= Lost Son (novel) =

Lost Son is a novel by M. Allen Cunningham, published in May 2007 by Unbridled Books. It is about Rainer Maria Rilke (1875–1926), the famous poet of the Duino Elegies and author of Letters to a Young Poet.

Lost Son spans Western Europe from 1875 to 1917, depicting Rilke's life from birth to age 42. The poet is shown as child, lover, husband, father, protégé, misfit soldier, and lifelong wanderer. The novel explores Rilke's relationships with his parents, his wife Clara Westhoff and their daughter Ruth, the painter Paula Modersohn-Becker, the French sculptor Auguste Rodin, and Lou Andreas-Salomé.

Reviews of Lost Son were mixed.
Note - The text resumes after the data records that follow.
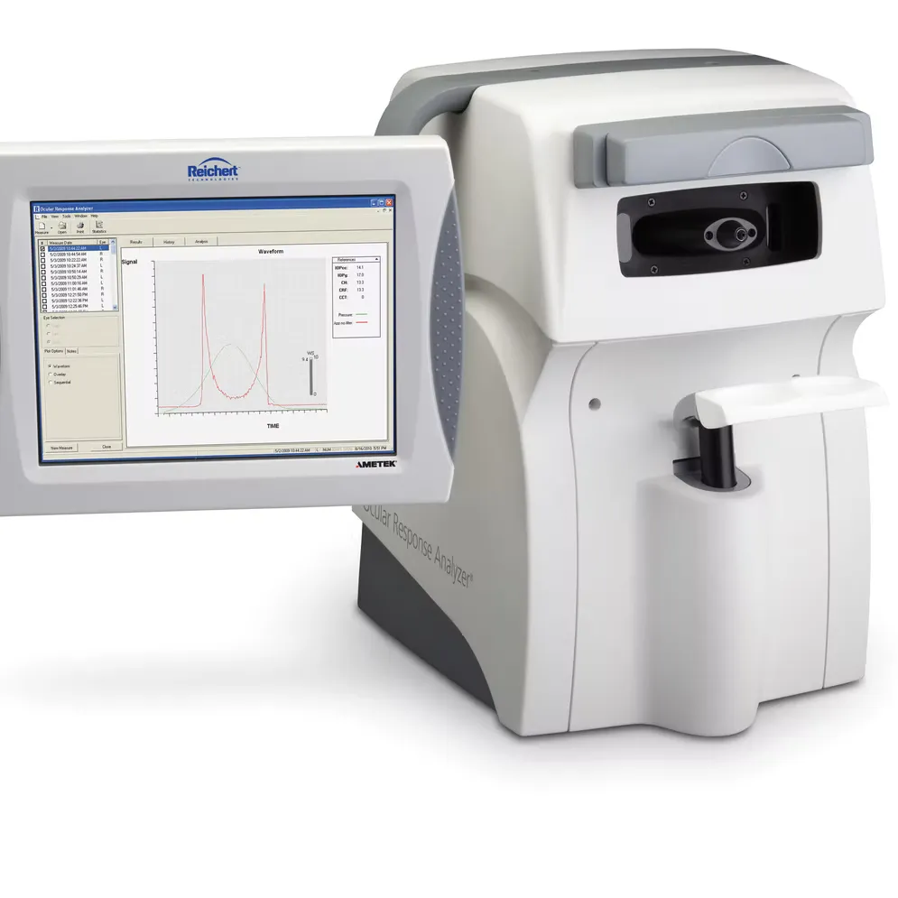 Аналізатор біомеханічних властивостей ока Ocular Response Analyzer (ORA, Reichert Inc., США) є безконтактним тонометром, який працює за принципом динамічної двобічної апланаціі (сплощення) рогівки. Реєструються два значення внутрішньоочного тиску, різницю між якими прийнято називати корнеальним гістерезисом. Цей показник використовується для вивчення в’язко-еластичних властивостей рогівки і розрахунку рогівково-компенсованого внутрішньоочного тиску (IOPcc). Алгоритм обчислення IOPcc був отриманий в ході клінічних вимірювань у пацієнтів до і після операції з лазерної корекції зору (LASIK).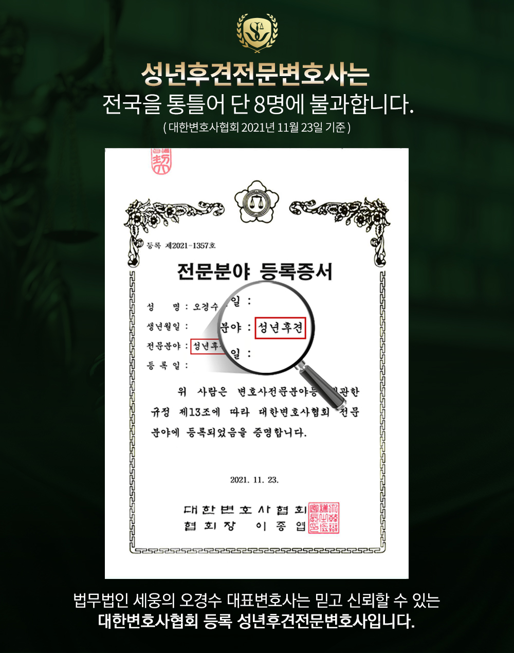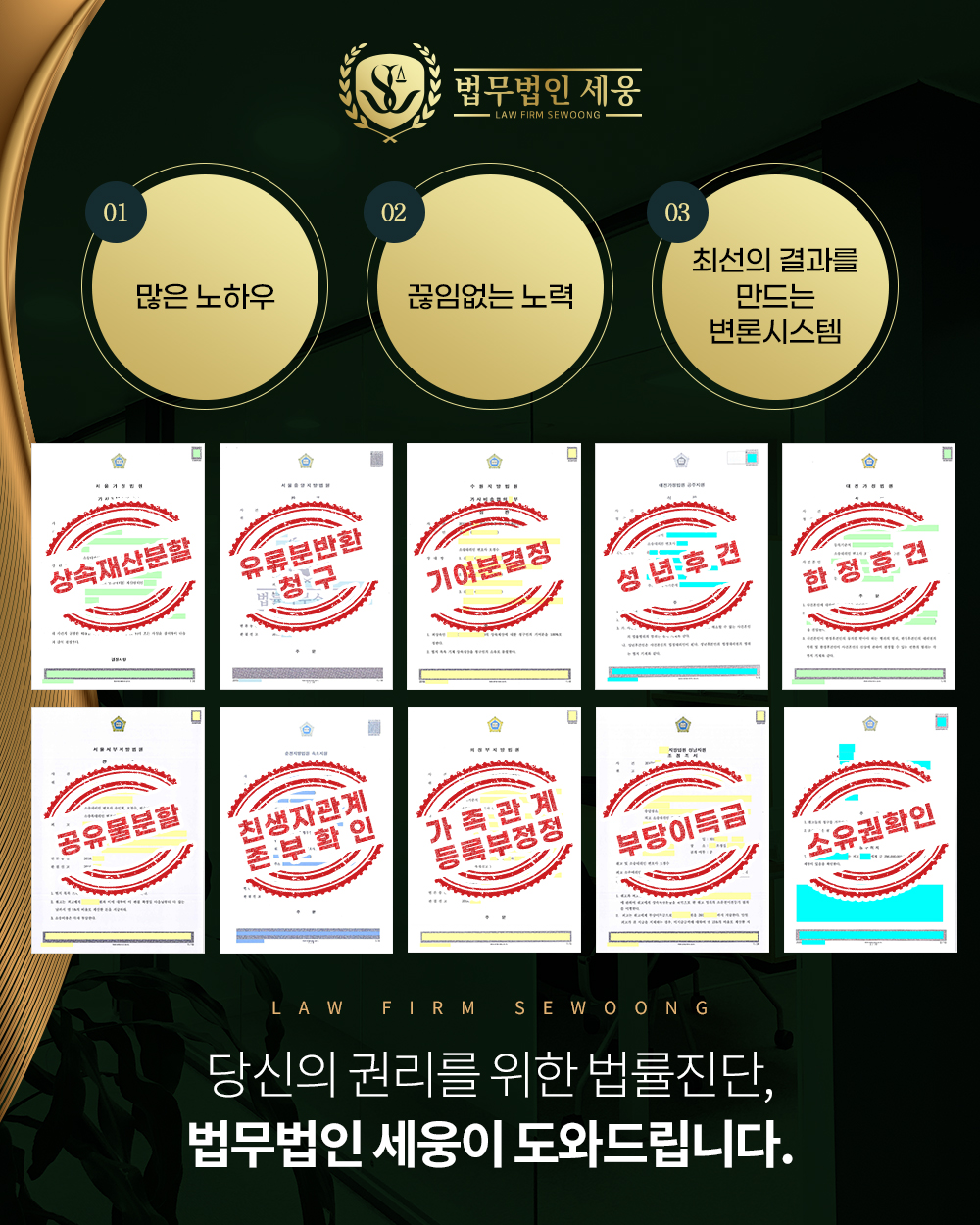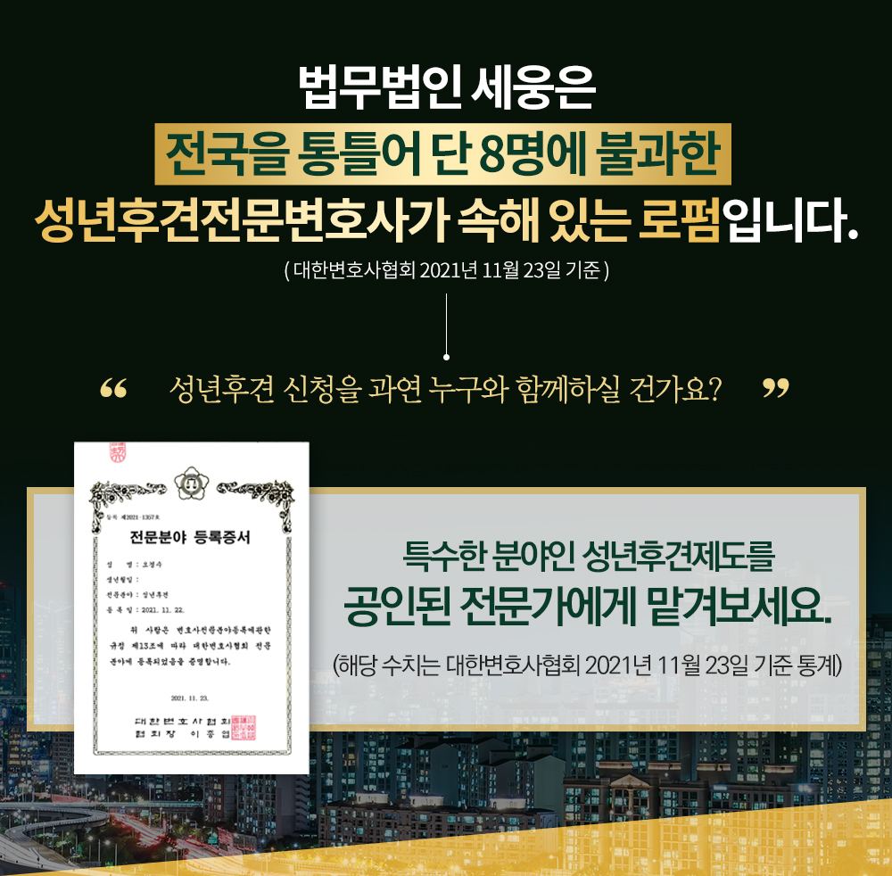 아직까지 성년후견제도는 시행된지 오래되지 않아 변호사들조차 실무적인 자세한 내용은 모르는 경우가 있습니다. 따라서 이 제도를 통해 가족간 분쟁을 예방하고 자신의 권리도 안전하게 지키고 싶다면 경험 있는 변호사와 꼼꼼히 진행하시기 바랍니다. 실수와 무지로 성년후견을 청구하여 다시 돌릴 수 없는 시행착오를 겪기보단 꼭 경험 있는 변호사와 상담을 하실 것을 권해드립니다.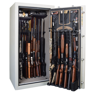 Offering 80 minutes of fire protection at 1550°F and 95 minutes at 1200°F, the HTR33’s ThermaBlock design ensures superior thermal defense. It accommodates up to 33 long guns, including quick-access storage on the DPX door system. Inside, CMS adjustable shelving allows flexible configurations for firearms and valuables alike.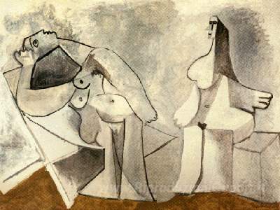 Ti offriamo una riproduzione artigianale su tela dell'opera famosa 'Due donne sedute' di Pablo Picasso, dal Museo delle Riproduzioni.

Publishers Weekly praised Cunningham's talent, but concluded that "unwelcome shifts into second-person and passages rife with adjective abuse mar this ambitious undertaking". Writing for January Magazine, Cherie Thiessen called the book "hugely ambitious" but noted that "meticulously reflecting the thoughts, the anguish, the reflections and insights of a gifted and introspective poet can become tedious". Vernon Peterson of The Oregonian compared the book favorably to Cunningham's debut novel The Green Age of Asher Witherow, writing that Cunningham "has achieved a mature style and authentic voice in Lost Son".